Levin wants to expand his TMZ franchise into sports. It would be a first in the United States but Levin is far behind the Brits and Fleet Street in terms of spewing the sports gossip. Footballer (soccer) star Georgie Best was a darling of the London tabloids for his lifestyle.



Meanwhile the PGA officials have to be wondering about the tour's financial future with Tiger Woods not playing well and the whole Levin pushed narrative about Tiger and his ex-wife. Levin's gang of "journalists" got the story into the public but what should have been a private matter may do some significant damage to the Tour and may harm some people who depend on money raised by the Tour and given to charities.



If Tiger Woods continues to slump and is not in contention for a Sunday victory in any tournament that he has entered, television ratings will slide as Tiger brings eyeballs in front of the TV to watch golf. Redstone and CBS along with Immelt's NBC might and Brian Roberts' (Comcast) Golf Channel decide the Tour is not worth the investment as the networks have deals in place until 2012 that pays the PGA $255 million. Roberts, of course, will run NBC if everyone signs off on the Comcast-NBCUniversal agreement which would give Comcast NBC and the Peacock Network's cable networks which include USA, msnbc and CNBC.



Tiger Woods has already lost endorsements. The PGA could also lose endorsements if people turn away from golf because Tiger isn't playing well and some of those marketing partners may walk away from sponsoring tournaments which could mean that the PGA drops some events. The PGA gives a portion of the revenues from each tournament to charities, it is unlikely Levin's TMZ or his partners Time Warner or Murdoch will make up the charitable contributions.



At the end of the day, Tiger Woods has to take responsibility for his actions but that should have been a private matter. The sports bar on the ship went on with life after the TV banks had Tiger’s talk, there were other games and highlights and there were patrons who sat watching the screen with their drinks in hand.

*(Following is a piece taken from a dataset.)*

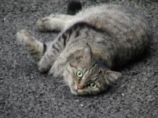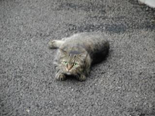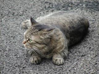 道路のグレ〜と毛色が保護色のようになっているネコさん(*^m^*)

The old Tiger, the pre-November 2009 Tiger showed up on Thursday but it was the post Harvey Levin and TMZ Tiger that came to Paramus on Friday. One day Tiger will become yesterday's news and some other poor and unfortunate fellow or girl will be ensnared by Levin and his ilk. Don Henley's lyrics in his October 1982 song Dirty Laundry are as current and spot on today as they were in 1982 except there are more places where Dirty Laundry shows up then in 1982 as Tiger Woods could have told reporters on Thursday in Paramus.



Henley complained that "Crap is King". So far Tiger has refrained from singing "Dirty Laundry" but dirty laundry is being presented everyday as fact all you have to do is turn on the AM radio dial or flip on cable TV news and it is there in gross tonnage.